Before he had time to press the bell, the door was flung open. He smile
d at Jamie’s undisguised eagerness. Oh, yes, she was thawing nicely, he congratulated himself. He wouldn’t have long to wait. If tonight wasn’t the night, she’d be in his bed by the weekend.
Except that it wasn’t Jamie who’d opened the door with such flattering speed. It was her cousin Saran.
Rand suppressed the small—extremely small, he assured himself—twinge of disappointment rippling through him. He bestowed his most charming, designed-to-induce-a-swoon smile on Saran. “Hi, is Jamie ready?”
Saran didn’t swoon. She gazed at him steadily. “I can’t believe you’re coming to this thing tonight,” she said bluntly. “The Merlton Spring Sing is just awful. Even parents dread going to it. Don’t you have anything better to do? Or are you that hung up on Jamie?”
Uncharacteristically, he had no ready answer to the questions. They were questions he didn’t dare to ask himself. It was a relief when an old woman, dressed all in black, joined them in the tiny vestibule.
“Hello.” She extended her small, blue-veined hand for him to shake. “I’m Mrs. Saraceni, Jamie’s grandmother.” “Mine, too,” interjected Saran. “So what if my dad was your nephew? You’re still my grandmother to me.”
“So what, indeed,” the old woman agreed amiably. “Who are you, young man?”
Rand quickly removed his hands from his pockets, corrected his slouch to a military straight posture and shook her hand. “I’m Rand Marshall, Mrs. Saraceni. I’m pleased to meet you,” he heard himself say in a tone and manner which would’ve pleased even his etiquette-obsessed parents.
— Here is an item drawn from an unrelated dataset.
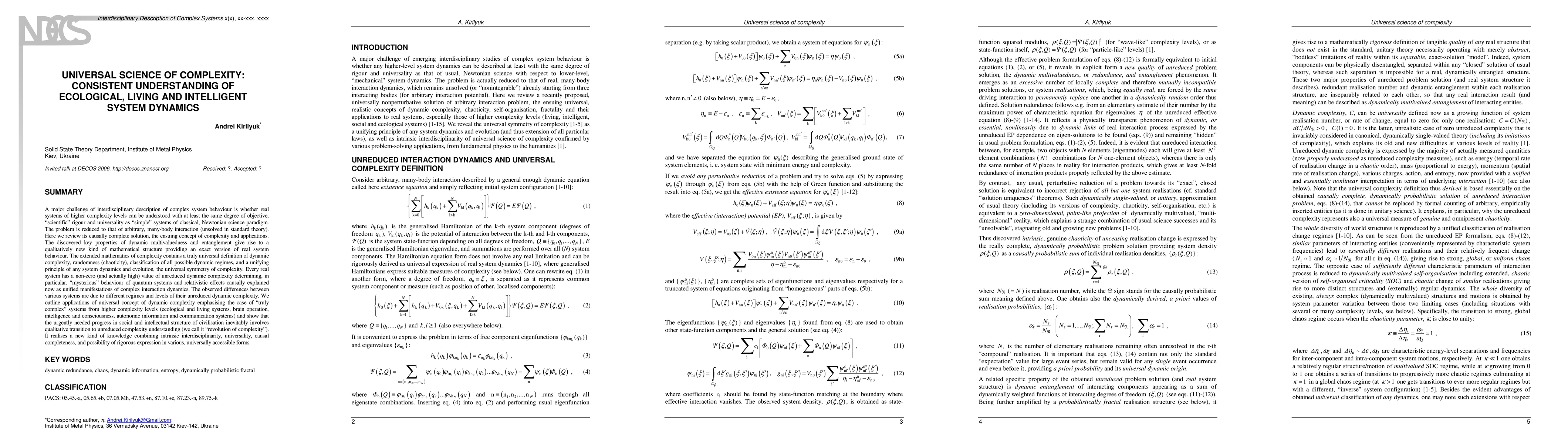 A major challenge of interdisciplinary description of complex system behaviour is whether real systems of higher complexity levels can be understood with at least the same degree of objective, "scientific" rigour and universality as "simple" systems of classical, Newtonian science paradigm. The problem is reduced to that of arbitrary, many-body interaction (unsolved in standard theory). Here we review its causally complete solution, the ensuing concept of complexity and applications. The discovered key properties of dynamic multivaluedness and entanglement give rise to a qualitatively new kind of mathematical structure providing the exact version of real system behaviour. The extended mathematics of complexity contains the truly universal definition of dynamic complexity, randomness (chaoticity), classification of all possible dynamic regimes, and the unifying principle of any system dynamics and evolution, the universal symmetry of complexity. Every real system has a non-zero (and actually high) value of unreduced dynamic complexity determining, in particular, "mysterious" behaviour of quantum systems and relativistic effects causally explained now as unified manifestations of complex interaction dynamics. The observed differences between various systems are due to different regimes and levels of their unreduced dynamic complexity. We outline applications of universal concept of dynamic complexity emphasising cases of "truly complex" systems from higher complexity levels (ecological and living systems, brain operation, intelligence and consciousness, autonomic information and communication systems) and show that the urgently needed progress in social and intellectual structure of civilisation inevitably involves qualitative transition to unreduced complexity understanding (we call it "revolution of complexity").

The old woman’s piercing black eyes seemed to pin him to the wall. She was very clearly assessing him and didn’t care if he knew it.
“He’s the guy from the library, Grandma,” said Saran. “Not the wacko dentist who sent the balloons and candy et cetera,” Rand inserted swiftly, flashing a smile that had never failed to captivate and enthrall its female recipients.
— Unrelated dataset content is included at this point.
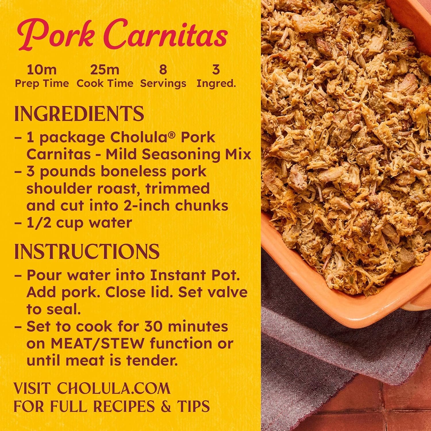 FOR ALL OCCASIONS: Every occasion is made more delicious with Cholula Pork Carnitas Mild Seasoning Mix.

Grandma shrugged. “Too bad. I wanted to meet that one. I particularly liked the milk chocolate butter creams he sent Jamie, and the candied almonds weren’t bad, either. For a dentist, he sure pushed the candy. I’m half tempted to make an appointment at his office just to see him for myself.” Jamie chose that moment to appear in a pair of loose-fitting pleated tan slacks and an indigo sweater that accentuated the vivid blue of her eyes. The casual clothes enhanced her neat figure, her full, high breasts, small waist and softly flaring hips. Rand swallowed. The initial attraction he’d felt for her was nothing in comparison to the desire he felt for her now. He stared at her, his body beginning to throb.